Prompt >> Copy the data verbatim and leave out every picture.

Dataset extract >>
▬▬▬▬▬▬▬▬▬▬

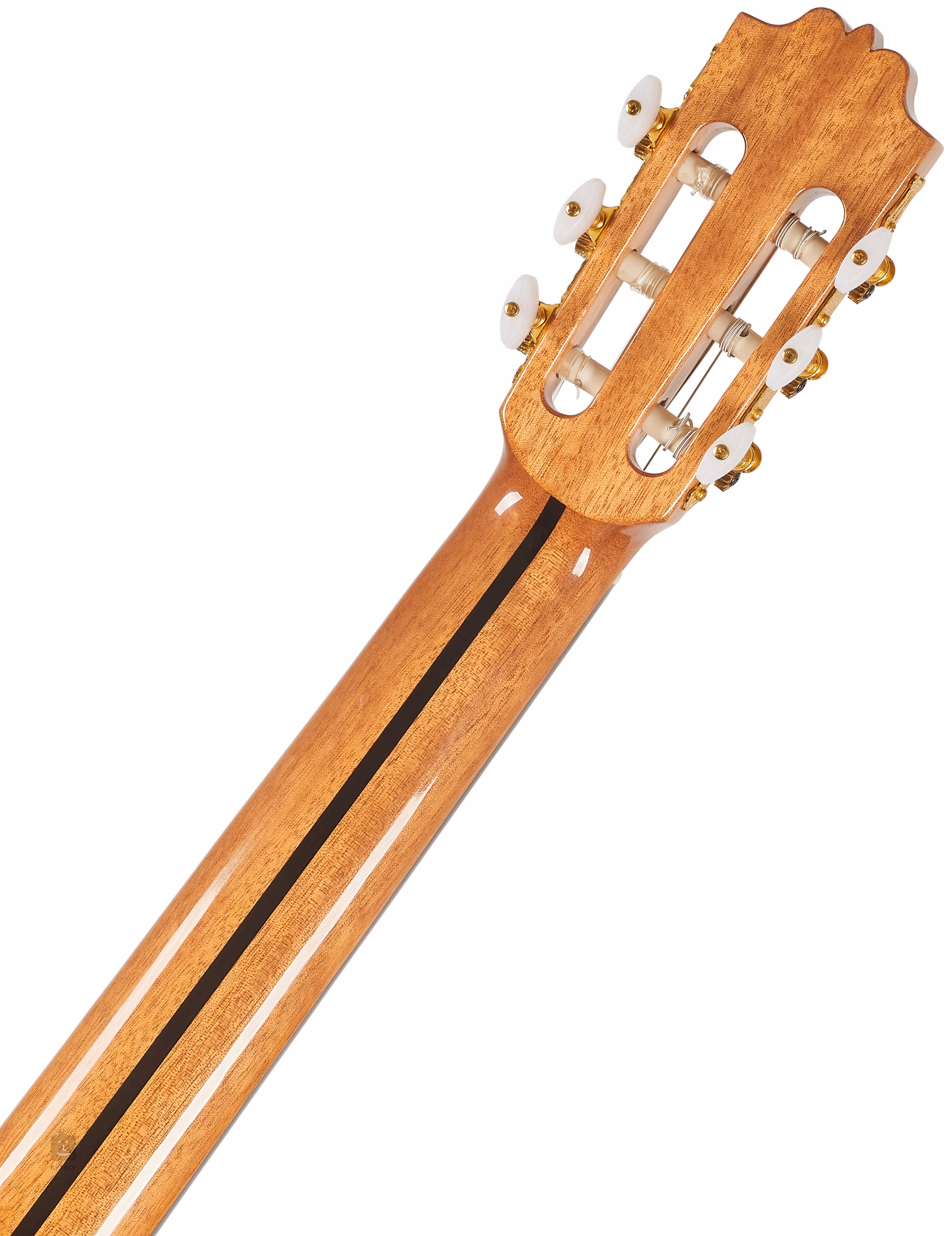 Gitara klasyczna Admira ADM08 to półmasywny, ręcznie wykonany instrument, który przypadnie do gustu nawet najbardziej doświadczonym muzykom. Przód gitary wykonany jest z litego cedru, a tył i boki z laminowanego palisandru. Szyjka z afrykańskiego mahoniu posiada palisandrowe usztywnienie, a podstrunnica jest palisandrowa. Dobre strojenie gwarantuje mocowanie strun w wysokiej jakości klasycznej mechanice ze złotym wykończeniem i palisandrową podstrunnicą. Stylowe wykonanie podkreślają tradycyjne elementy w postaci rozety, klonowego binding i logo firmy na główce.
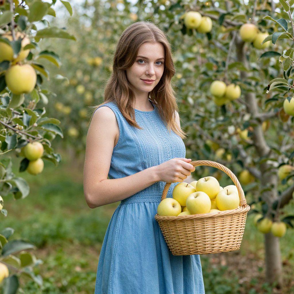 A young woman in a blue sleeveless dress stands in a lush green apple orchard, holding a basket filled with fresh yellow apples. The vibrant natural light highlights the serene atmosphere and the abundance of ripe fruit surrounding her.
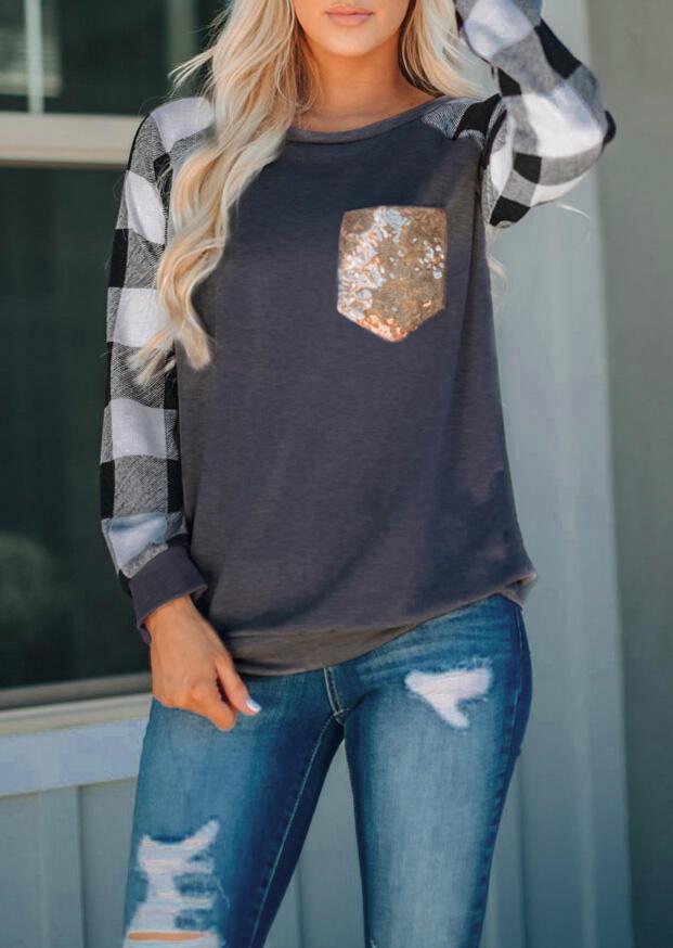 Plaid Splicing Sequined Pocket Long Sleeves T-Shirt

▬▬▬▬▬▬▬▬▬▬

Answer to this problem >>
 Gitara klasyczna Admira ADM08 to półmasywny, ręcznie wykonany instrument, który przypadnie do gustu nawet najbardziej doświadczonym muzykom. Przód gitary wykonany jest z litego cedru, a tył i boki z laminowanego palisandru. Szyjka z afrykańskiego mahoniu posiada palisandrowe usztywnienie, a podstrunnica jest palisandrowa. Dobre strojenie gwarantuje mocowanie strun w wysokiej jakości klasycznej mechanice ze złotym wykończeniem i palisandrową podstrunnicą. Stylowe wykonanie podkreślają tradycyjne elementy w postaci rozety, klonowego binding i logo firmy na główce.
 A young woman in a blue sleeveless dress stands in a lush green apple orchard, holding a basket filled with fresh yellow apples. The vibrant natural light highlights the serene atmosphere and the abundance of ripe fruit surrounding her.
 Plaid Splicing Sequined Pocket Long Sleeves T-Shirt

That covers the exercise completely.